The acceleration and simplification of the approval process for such projects should not be confused with rushing. As outlined by Anastasis Yiapanis: ‘Water is no longer just an environmental concern — it is a question of Europe’s security, stability and future prosperity.’[23] Europe risks solving one problem (digital sovereignty), while deepening another (water scarcity).

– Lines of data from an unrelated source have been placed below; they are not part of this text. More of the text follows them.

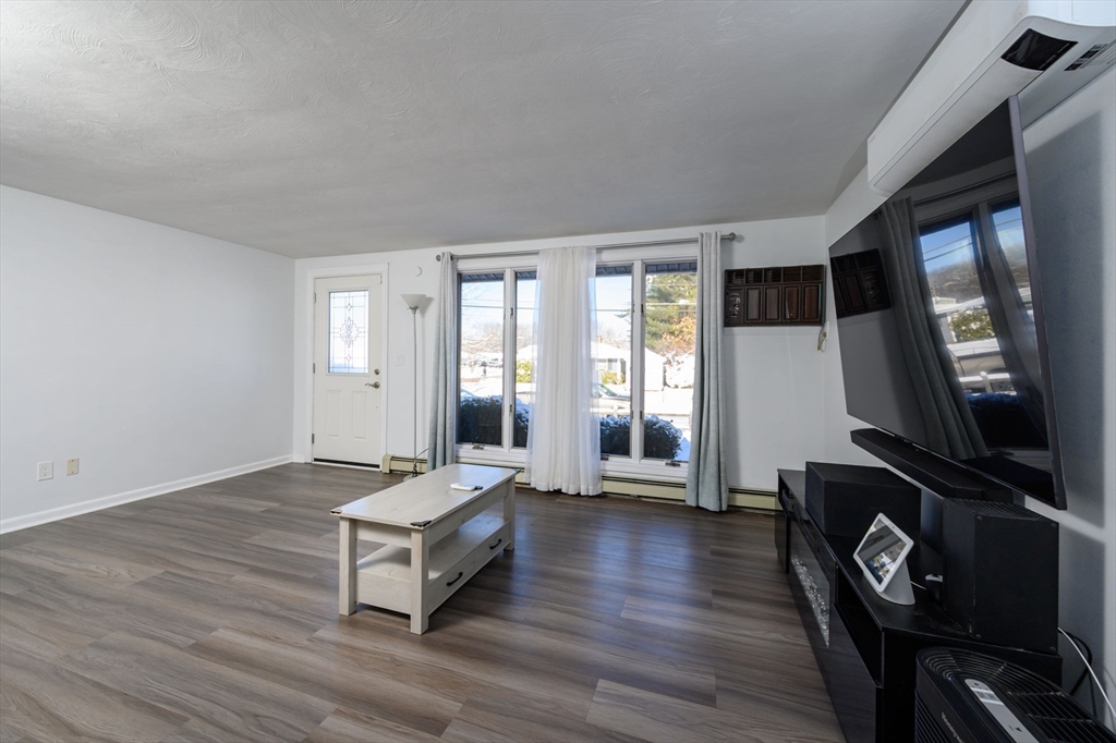 Welcome to 95 Rindone St—this meticulously maintained, one-level home tucked away on a quiet side street is the one you’ve been waiting for. This 3-bedroom, 1-bath property features an eat-in kitchen with maple cabinets, Corian countertops, recessed lighting, and vinyl plank flooring throughout. The updated bath and sun-filled living room with large windows add to the home’s inviting feel. Enjoy year-round comfort with four new mini-splits providing both heat and A/C. Additional highlights include fresh interior paint, a one-car garage, deck, three-season porch, shed, and a spacious backyard perfect for entertaining. Conveniently located near shopping, highways, commuter rail, and more.
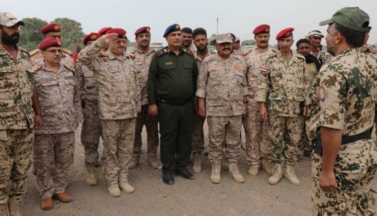 وخلال الزيارة التي رافقه فيها قائد المنطقة العسكرية الرابعة اللواء الركن فضل حسن، ورئيس هيئة الاستخبارات والاستطلاع اللواء الركن أحمد اليافعي، ونائب رئيس هيئة الإسناد اللوجستي اللواء الركن علي محسن الفضلي، ووكيل وزارة الداخلية اللواء الركن عبدالناصر صبيره، وكان في استقباله رئيس عمليات المقاومة الوطنية العميد الركن عبدالرحمن نعمان، وقائد محور حيس العميد الركن بهيجي الرمادي، استمع وزير الدفاع من قادة المحور والألوية والوحدات الفرعية إلى شرح حول سير العمليات على امتداد مسرح القتال.
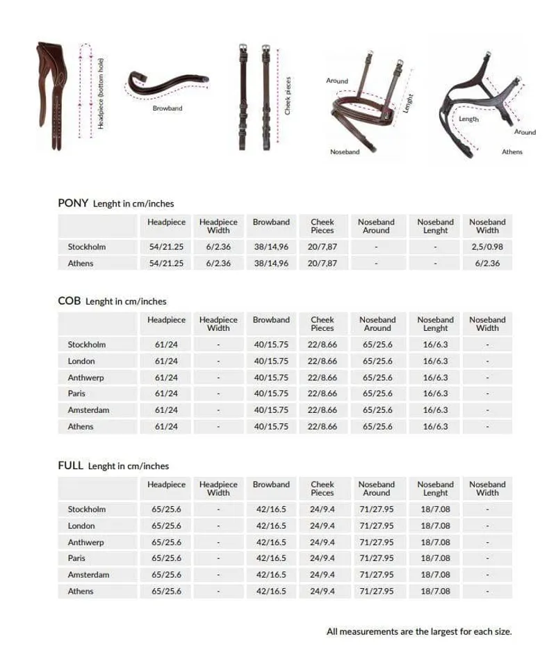 The browband has our new, convex PS-button with an extra sturdy clasp that keeps the browband in place and shapes the leather backward and down.
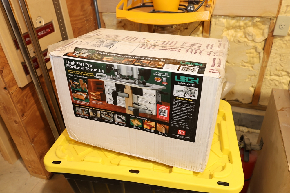 Leigh FMT Pro Mortise and Tenon Jig, model FMT Pro, in original box with foam inserts, includes user guide, mounting hardware, clamps, guides, and associated components as packaged. No equipment is onsite to assist loading. Bring the proper tools, equipment, and help needed to load your items.
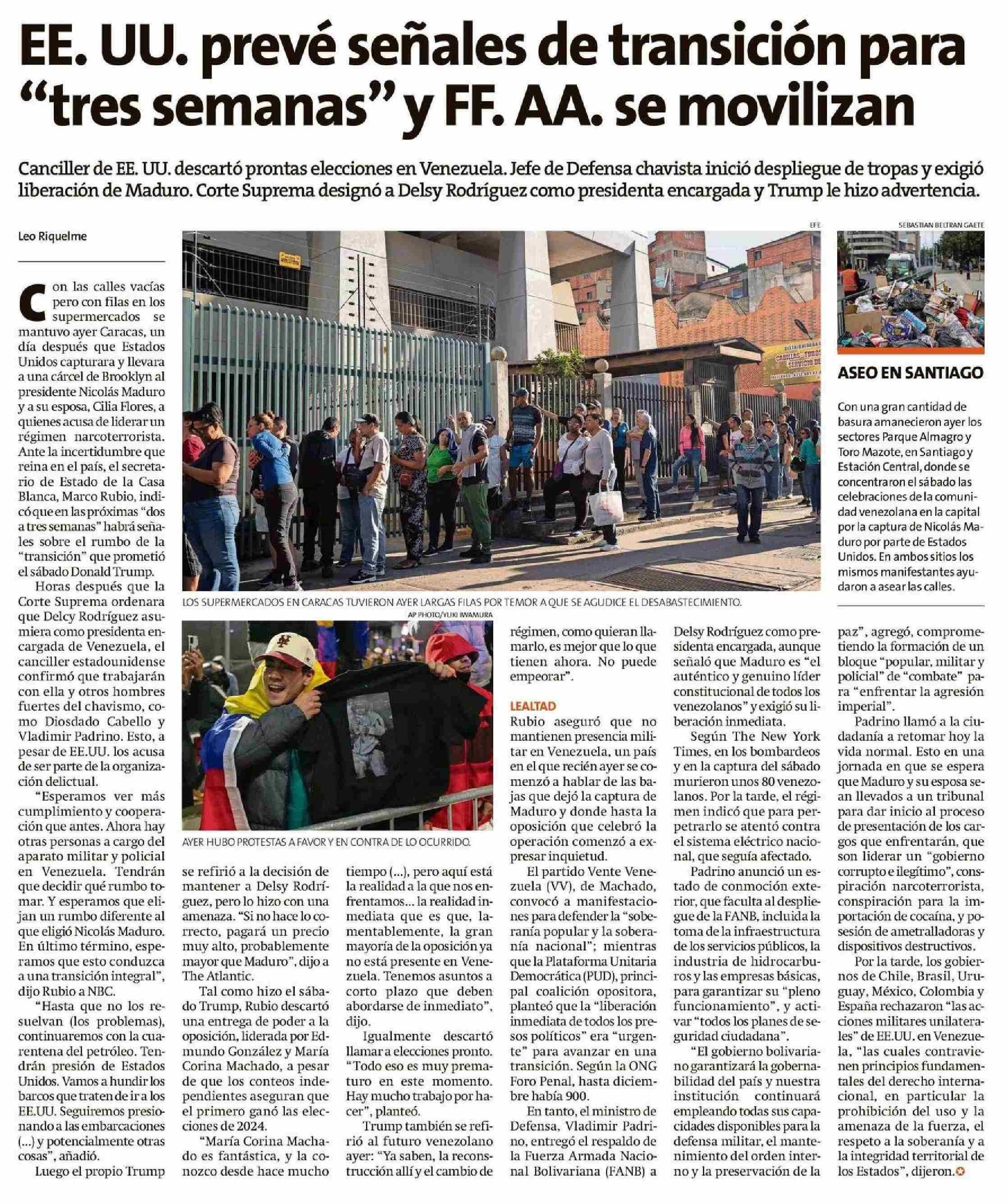 Título: EE. UU. prevé señales de transición para "tres semanas" y FF. AA. se movilizan
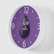 Funny eggplant clock with a purple cartoon eggplant illustration. This funny eggplant design would be perfect as a gift for cooks and people who love eggplants, cooking and the color purple.
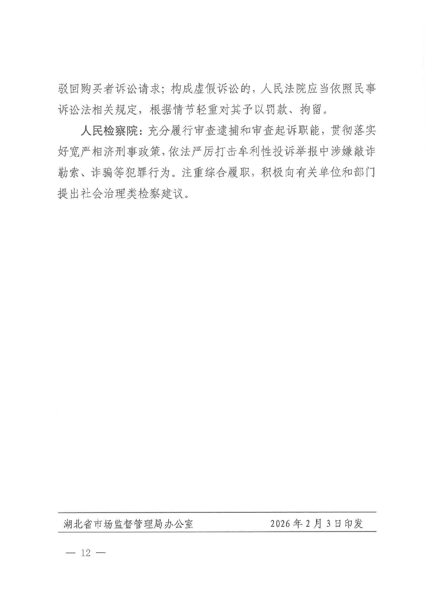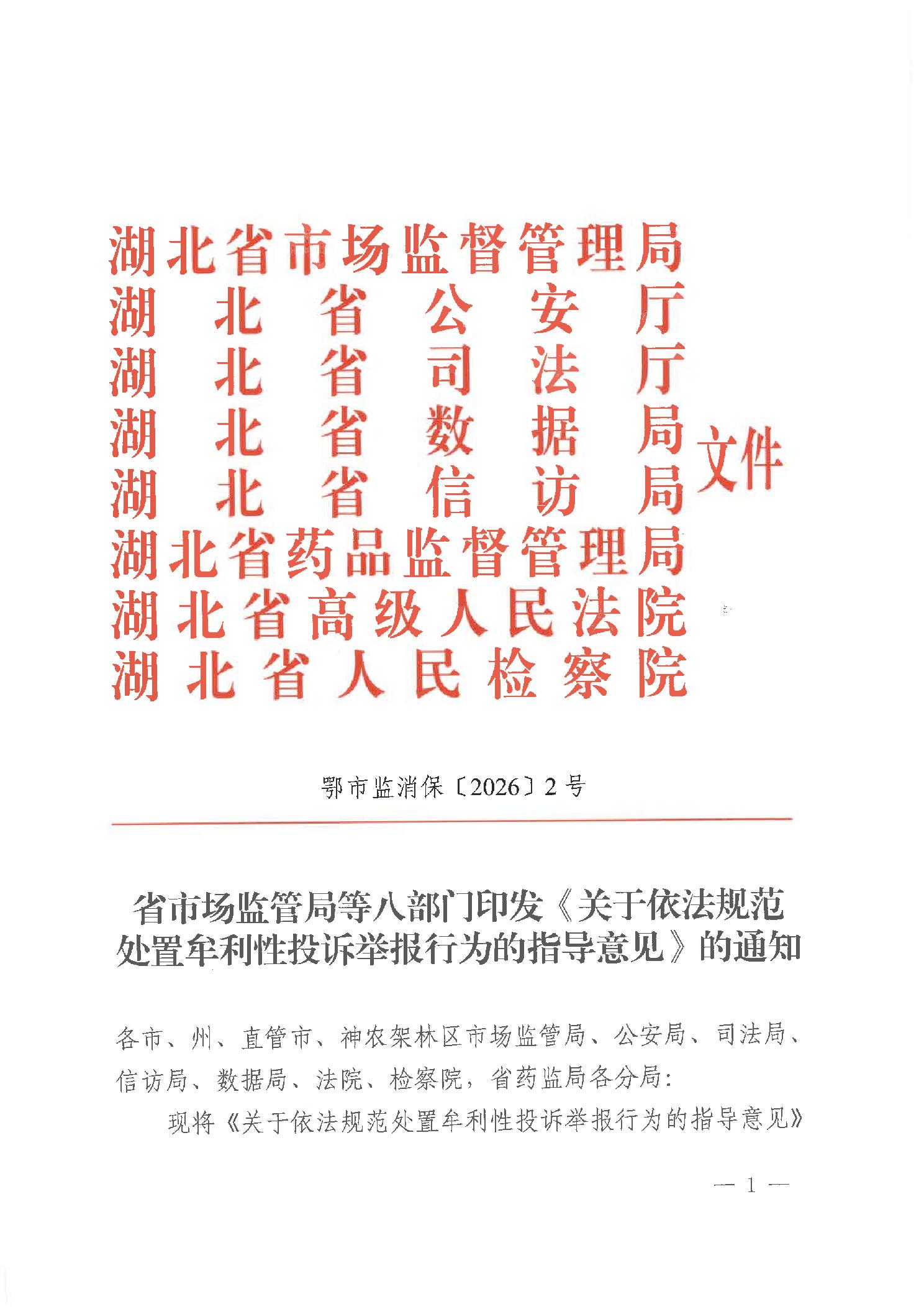 索 引 号: 011396186/2026-05470 主题分类: 其他 发布机构: 省市场监管局等八部门 发文日期: 2026年02月05日 15:40:00 文  号:鄂市监消保[2026]2号 效力状态: 有效 发布日期: 2026年02月05日 15:40:00 名  称: 省市场监管局等八部门印发《关于依法规范处置牟利性投诉举报行为的指导意见》的通知
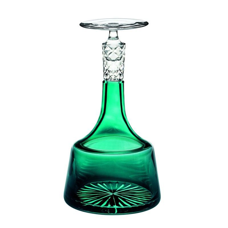 Elegante botella de vino de cristal Duality en tono verde intenso, con diseño sofisticado y detalles tallados en el cuello y base. Ideal para servir vinos de calidad en ocasiones especiales. Su forma campana y acabado pulido la convierten en un objeto decorativo y funcional para tu mesa. Hecha de cristal de alta calidad, resalta la elegancia de cua
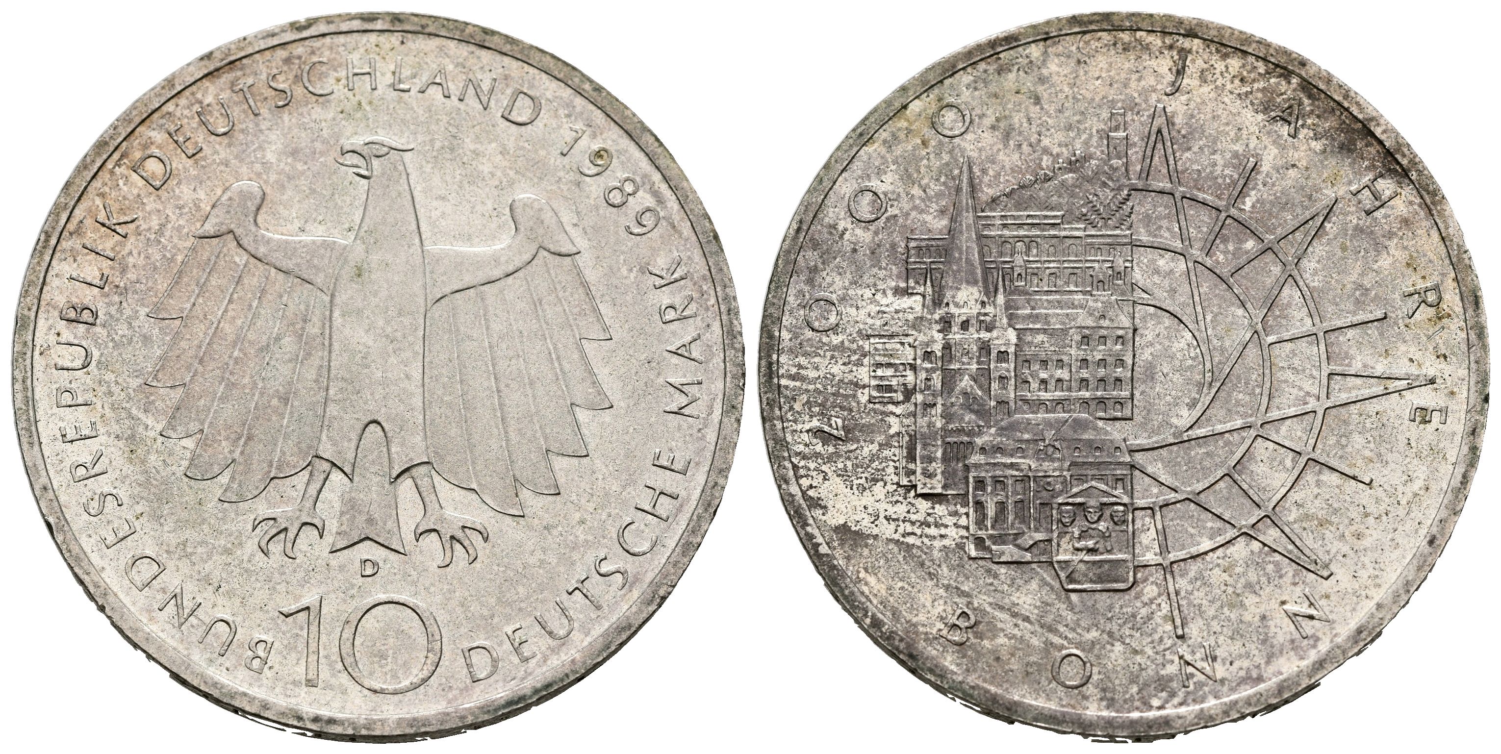 ALEMANIA. 10 Marcos (Ar. 15,60g/33mm). 1989. Munich D. 2000 Aniversario de la ciudad de Bonn. (Km#172). EBC-. Pátina.
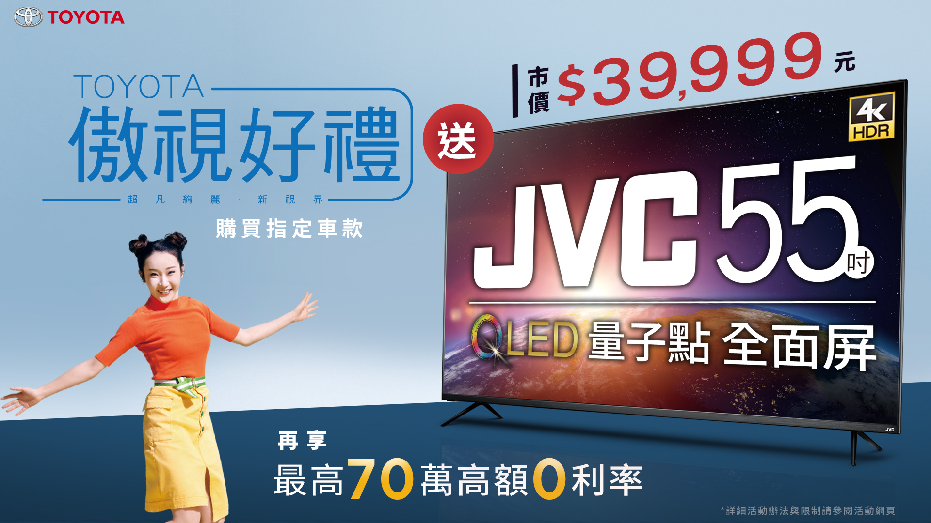 年底車市強強滾,為感謝廣大消費者的支持與愛護,TOYOTA台灣總代理和泰汽車12月份推出限量「TOYOTA 傲視好禮大方送」註1活動,本月購買指定車款,就送JVC 55吋QLED量子點全面屏(市價新台幣39,999元)。本次交車禮搭載QLED金屬量子點顯色科技,結合HDRextra超高動態對比,能呈現超越100%極廣色域,帶來超凡絢麗的視覺效果,「多段可調式智能防眩抗藍光」護眼科技,亦可最高降低70%的藍光,享受高畫質的同時亦可保護眼睛註2。
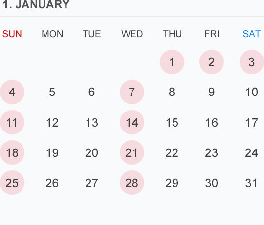 1月のカレンダー🗓です⭕️🟡⚪️はお休みいただいております

The average French person uses 150 litres of water a day for domestic purposes. According to Google’s figures about its Gemini AI, the water cost for a prompt is ‘just’ 0.003 g of CO₂ and five drops of water per ‘prompt’. But, in parallel, OpenAI has announced that ChatGPT (only) receives 18 billion ‘prompts’ (instructions written by users) per week, from 700 million users, which equivalent to ten per cent of the world’s population.

Conclusion

The large water footprint of DCs calls for integrated and cross-sectoral action and a shift away from thirsty DCs to manufacturing options with a low-water footprint, as well as water-friendly renewable energy technologies. Water issues impact every single sector. Water resilience is not a choice, it is a condition for the continuation of a viable planet for human beings.[24]